At 21:25 a fire warning sounded for engine No. 2, and power on it was reduced, but was not shut down. The warning sounded and power was reduced again. The plane managed to maintain altitude at 3000 feet. At 21:57 Riddle 18H, a Douglas DC-7 was in visual contact with Flight 923 and provided weather reports to the crew. At around this time engine No. 2 failed, forcing the crew to ditch. The failure of this engine caused a loss of hydraulic pressure, making the controls appear frozen, although Flight Engineer Garrett managed to restore it. The waves were distanced 200 feet apart and 15 to 20 feet high. Captain Murray decided to ditch into the waves, instead of parallel to them, as was procedure. The plane landed on the top of a swell and the left wing was torn off. Everyone survived the initial impact. Although there were five 25-man rafts on the plane, two in each wing and one in the crew compartment, only one was able to be used. This is because the left-wing rafts detached due to impact forces, though the reason for the failure of the right-wing rafts couldn't be determined with certainty. The one available raft was flipped over. 51 people climbed on board the raft, double its capacity, three of whom died later.

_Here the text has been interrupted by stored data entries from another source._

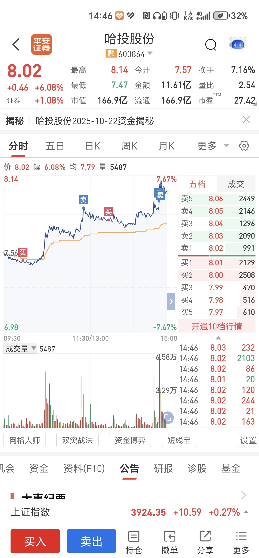 $哈投股份(SH600864)$ 今天赚一个板,明天给个涨停我就溜了。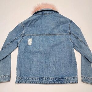 Zara Girls - Size 11/12 Sequin Fur Collar Distressed Jean Jacket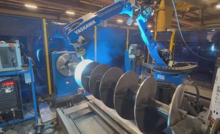宾夕法尼亚州霍尼布鲁克市费尔蒙特机械公司(Fairmont Machinery)的产品经理亚历克斯·伯纳姆(Alex Burnham)指着一台机器人,该机器人正在将一个连续的螺旋形状焊接到主轴箱/尾座单元上旋转的中心轴上。该单元没有使用示教器进行编程。相反,站在外围警戒的操作员可以通过屏幕查看数字孪生。单元内的摄像头捕捉到点焊组件的实际位置。软件将实际零件与模型进行比较,并根据需要进行调整。此时,焊接开始。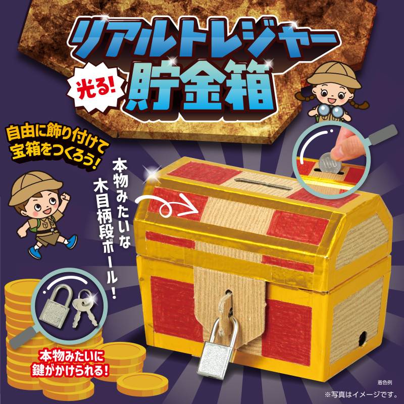 商品の説明 ⇒ 他のクラフト工作用品を見る 商品説明:本物みたいな宝箱をつくろう!木目柄のリアルな宝箱がつくれるキットです。イルミネーションライトと綿が付属しているので幻想的に光る貯金箱が完成します。本物の宝箱のように、鍵がかけられます。貯金箱としても使用できます。対象年齢:6歳以上。目安制作時間:45分(別途着色時間がかかります)。別途用意するもの:単3電池2本、水性ペン、鉛筆などの長い棒、はさみ、のり。宝箱 トレジャーボックス 鍵付き アンティーク 貯金箱 収納ボックス 着色可能 手作りキット ワークショップ キット 工作 クラフト 工作キット 自由工作 自由研究 図工 夏休み 冬休み 小学校 中学校 大人 趣味 手芸 ハンドメイド DIY 教材 イベント 景品 プレゼント おうち遊び 室内遊び注意:電池(単3電池2本)は別売りです。商品サイズ(単位mm):完成サイズ:約105×78×80mmセット内容:台紙×1、綿×1、イルミネーションライト×1、鍵セット×1、色紙(金)×1、両面テープ×1重量(g):104材質:台紙:紙、綿:ポリエステル、イルミネーションライト:PS・銅線包装形態:ヘッダー付き袋入り販売単位:セット生産国:日本パーティ・イベント衣装・コスチューム・ワークショップ・知育・おもちゃ・工作・自由研究・学校教材・教育・運動会・キット・備品・クラフト・アーテック/Artec 激安手芸用品通販店ウイングスだからできる問屋価格です ※工場からのお取り寄せになりますので、ご注文が確定してもタイミングにより売り切れ・入荷待ち状態である場合がございます。 ※お使いのディスプレイや環境によって画像のお色と異なる場合がございます。予めご了承お願いします。 ご注意 ※工場からのお取り寄せになりますので、ご注文が確定してもタイミングにより売り切れ・入荷待ち状態である場合がございます。 ※お使いのディスプレイや環境によって画像のお色と異なる場合がございます。予めご了承お願いします。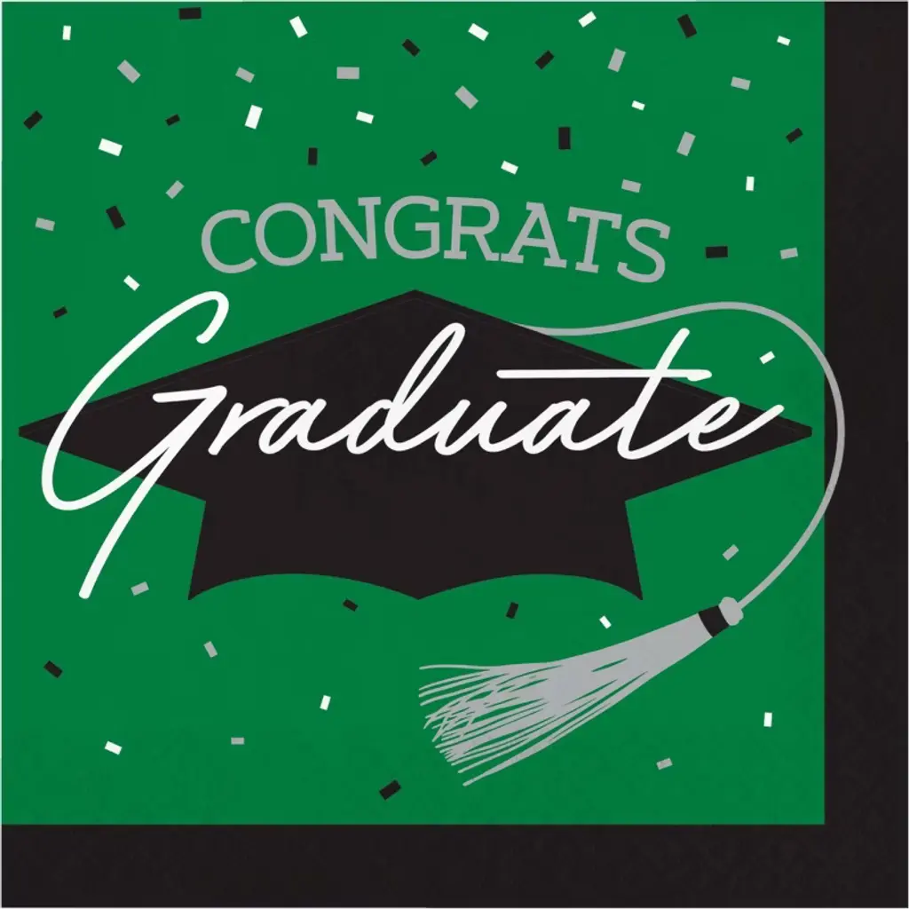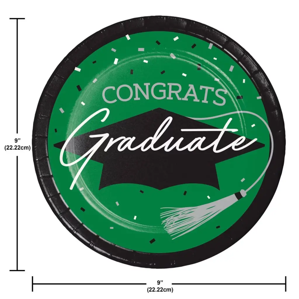 Each Green Graduation Plates and Napkins Kit includes: 36 Green Graduation Dinner Plates (9") and 72 Green Graduation Dinner Napkins (6.5"). The Green Graduation Plates and Napkins Kit serves up to 36 guests with the included paper plates and napkins, which feature a green, black, and white color scheme; a graduation cap; and "Congrats Graduate" text. Snag this kit to celebrate any high school, college, or other graduation and match school colors. Paper plates and napkins help make party clean up easy and will give you more time to spend with your guests. Browse the coordinating graduation party supplies and start party planning!

The 48 survivors were rescued by the merchant ship Celerina six hours later.

== Investigation ==
The accident was investigated by the Civil Aeronautics Board (CAB). Although engines No. 2 and No. 3 failed due to unrelated mechanical failures, engine No. 1 failed due to Flight Engineer Garrett's blunder, that being pulling the firewall lever for that engine instead of engine No. 3, which cut off most fluids' flow to the engine. Although this mistake was immediately recognized and reverted by Garrett, it was too late because lack of oil in the engine led to overspeed. Investigators also criticized the captain for landing into the waves, because this increased the impact forces and may have led to the left wing detaching, taking two life rafts with it.